The Romans strengthen their African province through a proconsul, headquartered in Carthage and a dedicated military legion for protection – and expansion. Libyan tribes attack from time to time the Romans; so did Garamantes, and the Romans campaigned against the kingdom. The oasis town of Ghadames in southern Sahara – in today’s Libya – became the outpost of the empire. The Romans completed the occupation of Northern Libya in 85–86 by fighting a rebellion in eastern Tripolitania and the Gulf of Sirte.

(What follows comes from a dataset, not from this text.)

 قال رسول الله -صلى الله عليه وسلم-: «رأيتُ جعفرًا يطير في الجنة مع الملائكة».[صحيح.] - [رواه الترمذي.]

As a Roman province, Libya had a long rise, culturally and economically, and the successful city of Leptis Magna was compared with Carthage and Alexandria in importance. In particular, agriculture flourished and accounted for significant exports to Europe. The province was dominated by the largest cities of Leptis Magna, Oea and Sabrata, collectively known as Tripolis – ‘the three cities’. Roman traders and craftsmen settled in Libya, which was influenced by Roman languages and customs. However, the Punic cultural roots still prevailed in Tripolitania, the Greek in Kyrenaika. A number of past monuments from this era, including Leptis Magna, still exist, albeit inadequately preserved under modern Libyan rule. One of the foremost Roman leaders in Libya was himself born in the province, in Leptis Magna: Septimius Severus,antiquity.
The dominant religion in Roman times became Christianity, but the area also had a large Jewish population, especially in Kyrenaica. A large number of Jews who fled from Roman rule in Palestine settled here, partly as a result of the destruction of Jerusalem in 70. Jewish groups stood in 115 behind a revolt against the Roman regime in Kyrenaika, which spread to other parts of North Africa. The Jews took control of the Cows and destroyed parts of the city, before the rebellion was broken down, after heavy losses.

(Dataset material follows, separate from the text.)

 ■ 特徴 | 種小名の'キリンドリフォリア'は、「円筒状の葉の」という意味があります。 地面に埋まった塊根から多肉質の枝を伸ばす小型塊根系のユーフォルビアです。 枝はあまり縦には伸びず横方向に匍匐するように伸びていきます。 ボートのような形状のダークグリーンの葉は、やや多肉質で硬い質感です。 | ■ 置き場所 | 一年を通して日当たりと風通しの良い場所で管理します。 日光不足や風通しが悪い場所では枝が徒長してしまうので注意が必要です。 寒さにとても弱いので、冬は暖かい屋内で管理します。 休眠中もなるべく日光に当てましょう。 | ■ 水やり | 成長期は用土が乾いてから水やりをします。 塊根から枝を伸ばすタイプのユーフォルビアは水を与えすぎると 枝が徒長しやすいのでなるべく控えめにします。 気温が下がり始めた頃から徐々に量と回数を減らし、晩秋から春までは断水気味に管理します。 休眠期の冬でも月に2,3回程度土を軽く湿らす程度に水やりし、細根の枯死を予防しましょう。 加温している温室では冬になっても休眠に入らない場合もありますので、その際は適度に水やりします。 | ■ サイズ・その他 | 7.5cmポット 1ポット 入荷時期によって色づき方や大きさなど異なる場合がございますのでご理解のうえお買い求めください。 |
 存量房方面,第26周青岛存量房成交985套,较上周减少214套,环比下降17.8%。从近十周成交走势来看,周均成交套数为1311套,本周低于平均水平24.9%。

Between the third and fourth centuries, Tripolitania was made into a separate province, after which Emperor Diocletian separated the administration of Crete from Kyrenaika, dividing the area into Upper Libya and Lower Libya. This was the first time Libya was used. When the Roman Empire was divided in 395, Tripolitania was added to the Western Empire and Kyrenaika to the Eastern (Byzantine) Empire.

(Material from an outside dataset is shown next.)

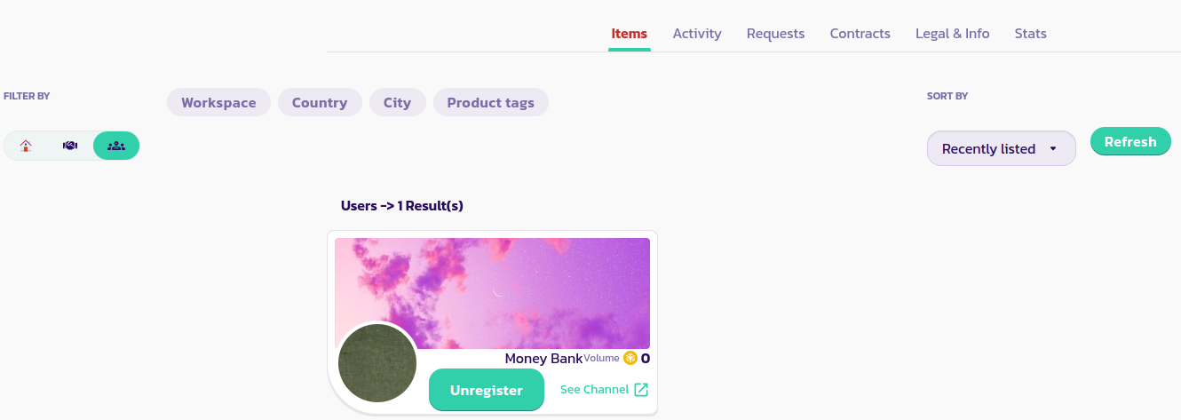 После регистрации пользователя в вашем канале профиль этого пользователя будет отображаться на вашем основном канале в разделе **Элементы > Пользователи**, как показано на изображении ниже:

After a period of economic downturn, Libya was conquered in 431 by the vandals from Europe, which established control of parts of the coast. After a century, the vandals were expelled by forces under the command of Emperor Justitian in 533, after which all the reconquered Libya became part of the Byzantine Empire, led by Constantinople. Despite some reconstruction in Tripolitania, the Libyan cities did not regain their old significance. The cities of Kyrenaika at this time were mainly in ruins, and were far removed, but some reconstruction took place, especially in Marsa Brega and Tobruk. The Byzantines did not seek to revive the ancient Roman Empire in North Africa; the priority restoration of trade relations.
According to countryaah, the population of Libya in 2012 was 6,418,204, ranking number 109 in the world. The population growth rate was 0.700% yearly, and the population density was 3.6477 people per km2.